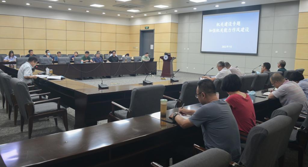 7月13日上午,365英国召开2022年暑期工作研讨会机关能力作风建设专题会。会议由机关党委书记叶佳林主持。机关各职能部门负责人,图书馆、后勤处、离退休工作处负责人参加。
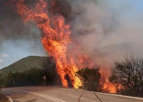 Από τις πρώτες πρωινές ώρες στην περιοχή επιχειρούν ισχυρές δυνάμεις κατάσβεσης, επίγειες και εναέριες, προσπαθώντας με συνεχόμενες ρίψεις νερού να αν...
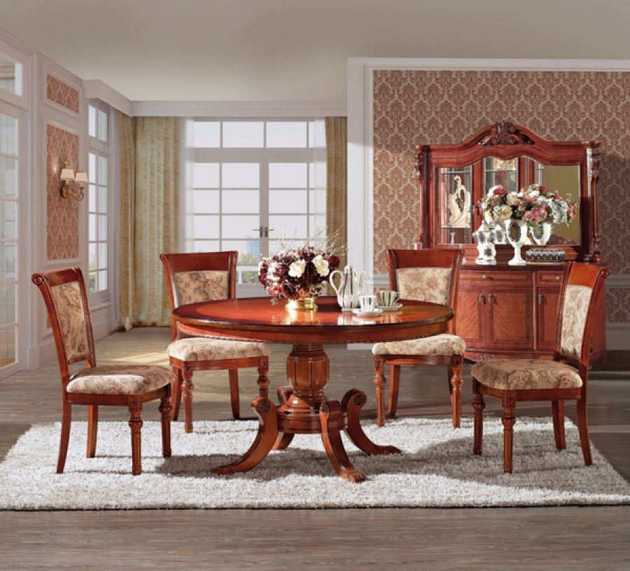 Μια ιδανική τραπεζαρία για συναθροίσεις και επιτραπέζια παιχνίδια επιβάλλεται να έχει στρογγυλό ή οβάλ σχήμα. Η συγκεκριμένη επιλογή είναι αρκετά κλασική, κομψή και το ζεστό κόκκινο χρώμα του ξύλου θα κάνει το σαλόνι σας να δείχνει πολύ φιλόξενο και οικείο.

++++++

Please repeat the lines above from the line containing "Από τις πρώτες" through the final line, both included, exactly as they stand and without pictures.

 Από τις πρώτες πρωινές ώρες στην περιοχή επιχειρούν ισχυρές δυνάμεις κατάσβεσης, επίγειες και εναέριες, προσπαθώντας με συνεχόμενες ρίψεις νερού να αν...
 Μια ιδανική τραπεζαρία για συναθροίσεις και επιτραπέζια παιχνίδια επιβάλλεται να έχει στρογγυλό ή οβάλ σχήμα. Η συγκεκριμένη επιλογή είναι αρκετά κλασική, κομψή και το ζεστό κόκκινο χρώμα του ξύλου θα κάνει το σαλόνι σας να δείχνει πολύ φιλόξενο και οικείο.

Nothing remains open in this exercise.